Target-specific oligonucleotides were annealed and ligated into BpiI-linearized U6-sgRNA plasmid to generate corresponding sgRNA expression vectors. Target sequences were listed in Supplementary Data 2.
HEK293T cell culture, transfection, and sorting
HEK293T cells (obtained from ATCC and preserved by our laboratory) were maintained in Dulbecco’s Modified Eagle Medium high glucose (HyClone) supplemented with 10% fetal bovine serum (Gibco). Cells were seeded in a 24-well plate at a density of approximately 1.6 × 105 cells per well to reach 70–90% confluence and transfected with 50 µL serum-free Opti-MEM (Gibco), which contained 3 µg polyethylenimine (PEI) (Sigma-Aldrich), 0.3 µg sgRNA expression vector and 0.7 µg base editor expression vector. Cells transfected with 50 µL serum-free Opti-MEM, which only contained 3 µg PEI (without vector), were served as untreated control. About 60 h after transfection, EGFP+ cells were sorted by FACS AriaIIU (Becton Dickinson), given that all base editor expression vectors contain EGFP fluorescence labels, and subjected to lysis in 10 µL lysis buffer with 1% NP40 (MP Biomedicals) and 50 µg mL−1 proteinase K (Tiangen).
In vitro transcription
MssI-linearized base editor vectors, including the T7 promoter, were used as templates to transcribe mRNA in vitro using the HiScribe T7 ARCA mRNA Kit (with tailing) (New England Biolabs), and mRNA was purified using the RNeasy MiniElute Cleanup Kit (Qiagen) in accordance with the manufacturer’s instructions. To produce sgRNAs, we amplified templates from the corresponding U6-sgRNA vectors, accompanied by the introduction of T7 promoter sequence, and then transcribed them using the HiScribe T7 Quick High Yield RNA Synthesis Kit (New England Biolabs). Transcribed sgRNAs were purified using the RNeasy MiniElute Cleanup Kit (Qiagen).

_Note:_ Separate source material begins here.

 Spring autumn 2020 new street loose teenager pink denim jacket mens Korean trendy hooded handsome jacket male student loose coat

Porcine embryo microinjection and culture in vitro
Porcine PA embryos were used in our microinjection, and oocyte collection, in vitro maturation, and parthenogenetic activation were conducted as previously described40. Briefly, immature porcine oocytes, which were derived from ovaries obtained from a slaughterhouse, were matured in vitro. Mature oocytes with visible first polar bodies were then subjected to electrical activation to initiate PA development. Six hours after activation, the one-cell embryos were injected with RNA mixture of the base editor mRNA (150 ng µL−1) and sgRNA (50 ng µL−1) into the cytoplasm by the FemtoJet5247 microinjector (Eppendorf). The embryos were then cultured in vitro with PZM-3 medium for 6 days, followed by collection of single embryos for lysis in 5 µL lysis buffer.

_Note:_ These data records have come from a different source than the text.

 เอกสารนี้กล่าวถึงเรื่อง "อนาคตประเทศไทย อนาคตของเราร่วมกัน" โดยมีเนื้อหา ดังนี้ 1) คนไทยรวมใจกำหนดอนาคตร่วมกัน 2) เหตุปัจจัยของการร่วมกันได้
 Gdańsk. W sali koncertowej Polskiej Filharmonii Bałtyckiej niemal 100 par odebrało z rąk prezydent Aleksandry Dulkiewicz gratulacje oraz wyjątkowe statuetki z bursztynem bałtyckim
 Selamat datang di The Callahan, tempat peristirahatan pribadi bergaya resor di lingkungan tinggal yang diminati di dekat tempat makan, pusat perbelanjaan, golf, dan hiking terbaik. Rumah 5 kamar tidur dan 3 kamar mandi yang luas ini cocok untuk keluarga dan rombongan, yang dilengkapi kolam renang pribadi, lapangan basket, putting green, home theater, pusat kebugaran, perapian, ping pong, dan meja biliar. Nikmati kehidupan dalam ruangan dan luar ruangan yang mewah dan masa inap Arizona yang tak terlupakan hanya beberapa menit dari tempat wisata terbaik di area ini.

Genotyping of HEK293T cells and porcine embryos
Target genomic sites were PCR amplified using the lysate of HEK293T cells and porcine embryos by the Rapid Taq Master Mix (Vazyme), with primers flanking each examined target site. Sanger sequencing was then performed by IGE Biotechnology (Guangzhou, China), and the ratios of C-to-T and A-to-G conversions were calculated by the EditR software48 (https://moriaritylab.shinyapps.io/editr_v10/). The primers used to amplify the target genomic sequences are listed in Supplementary Data 2.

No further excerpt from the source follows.